Su primer proyecto en Uruguay fue una casa en la ruta que une La Barra con José Ignacio, y desde allí busca sin cesar la oportunidad de seguir soltando ancla en nuestro país, siempre con un pie de este lado del Río de la Plata. Regresa con frecuencia a supervisar proyectos, y sobre todo a vivir Montevideo, ciudad que tanto lo impacta. Aprecia de ella cada detalle, al punto de haber cosechado gran amistad con un taxista que un día lo trasladó desde el aeropuerto a su hotel. Es a quien le avisa cuando viene, para compartir con él un traslado en el contexto de una amena charla.
Gran despliegue y exuberancia conceptual presentaban ya las ejecuciones de los baños públicos en Casa FOA 2002, 2004 y 2007, obteniendo la medalla de oro en cada una de estas ediciones, homologado por Masisa y Rocca, y donde a pesar de no ser su especialidad, la seducción por el interiorismo fue calando hondo en su búsqueda hasta construir gran parte de su trayectoria.

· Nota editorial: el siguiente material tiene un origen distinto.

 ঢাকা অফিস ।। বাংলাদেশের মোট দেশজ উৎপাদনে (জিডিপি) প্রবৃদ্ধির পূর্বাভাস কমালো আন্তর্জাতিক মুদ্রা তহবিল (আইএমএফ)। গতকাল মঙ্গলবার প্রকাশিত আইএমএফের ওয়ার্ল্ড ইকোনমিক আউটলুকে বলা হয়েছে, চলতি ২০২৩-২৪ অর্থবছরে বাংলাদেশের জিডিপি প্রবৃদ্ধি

Siempre me atrajo el minimalismo, pero me identifico más con el elementalismo. Mis obras son conceptos materializados que esconden una historia que se puede contar.

Creciste en Argentina y ya de niño te capturó nuestro país ¿Qué es lo que determina tu permanente regreso?
Nací y pasé mi infancia en un barrio donde aún se podía jugar en la calle, había lotes vacíos, árboles donde trepar y un ritmo nada vertiginoso que incentivaba la imaginación. Descubrí Uruguay a los 14 años, acompañando a la familia de mi mejor amigo en la búsqueda de una casa en el este para veranear. Poner un pie en Montevideo fue una de las emociones más grandes de mi vida, y hasta hoy esa sensación no se ha desvanecido. Me gusta su gente. A mi criterio es una ciudad mágica sacada de un cuento de Italo Calvino, su geografía infinita y esa sensación tan real que la maga de Cortázar describe con su existencia y caminata por sus calles, convencida que un encuentro casual era lo menos casual en sus vidas. Es tan mía, es mi ciudad.

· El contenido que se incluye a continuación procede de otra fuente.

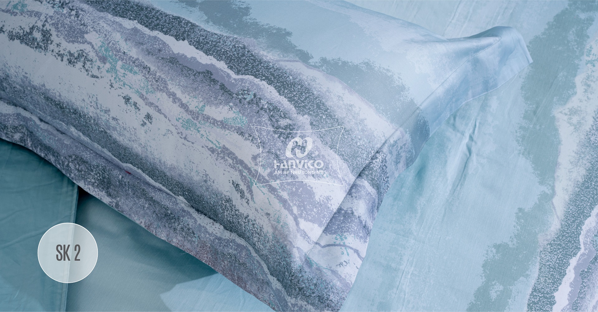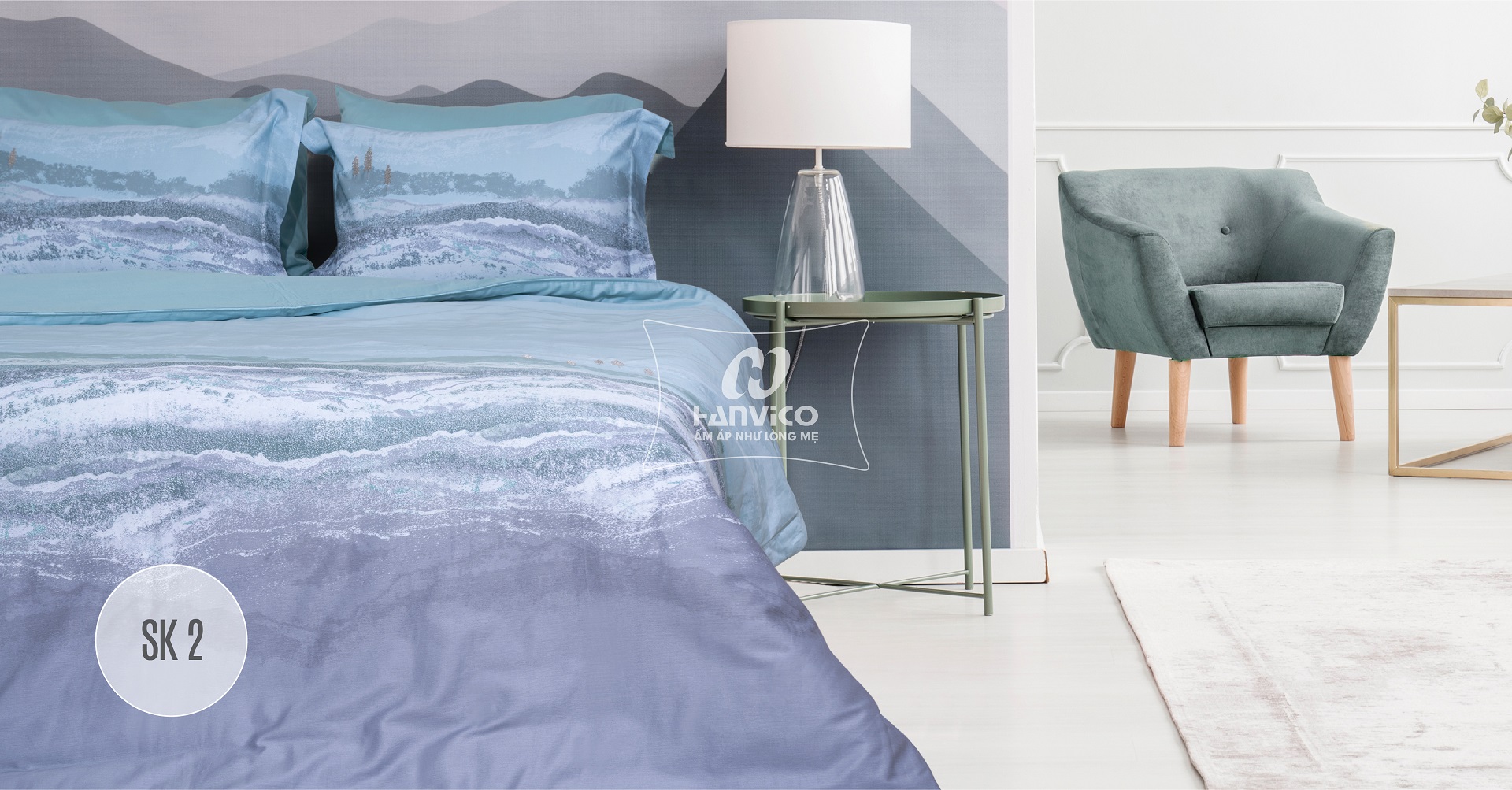 Bộ ga chun chần cao cấp Hanvico Soft & Smooth SK2 là bức tranh thiên nhiên hùng vĩ trên nền xanhnhẹ nhàng tạo nên sự hài hòa về đường nét mang đến cảm giác êm dịu, tươi mát cho phòng ngủ.

Tu primer proyecto residencial fue plasmado en Punta del Este. Luego, ¿cómo llegó Paraguay?
La casa R10 es sin duda mi obra más querida. Fue muy emotivo cuando finalmente supe que iba a construir en Uruguay. Un tiempo después llegué a Asunción, en principio para materializar el showroom para la venta de las torres Palacio de Los Patos. Me sorprendió encontrarme con una cultura fuerte y vigorosa, muy arraigada a sus raíces. Fue así que el diseño del showroom que había dibujado en mis pensamientos volvió a nacer cuando pisé esa enérgica tierra colorada. La arquitectura de este objeto se mimetizó con su entorno, mezclándose con su cultura como en un apretón de manos. Un pato era su referente icónico, y fue mi oportunidad para convocar a un prestigioso escultor, Juan Pablo Pistilli, para su realización. Con él nació una gran amistad, y su acervo se metió en mi arquitectura.
Para construir las torres hubo que derribar varios árboles, y en particular me estremeció, asi que resultó una caja efímera pensada para comunicar la idea, lo envolví con una inmensa tela que tenía impreso el entorno verde, que se había perdido por razones puramente inmobiliarias, y de esta manera sentí que colaboraba a concientizar.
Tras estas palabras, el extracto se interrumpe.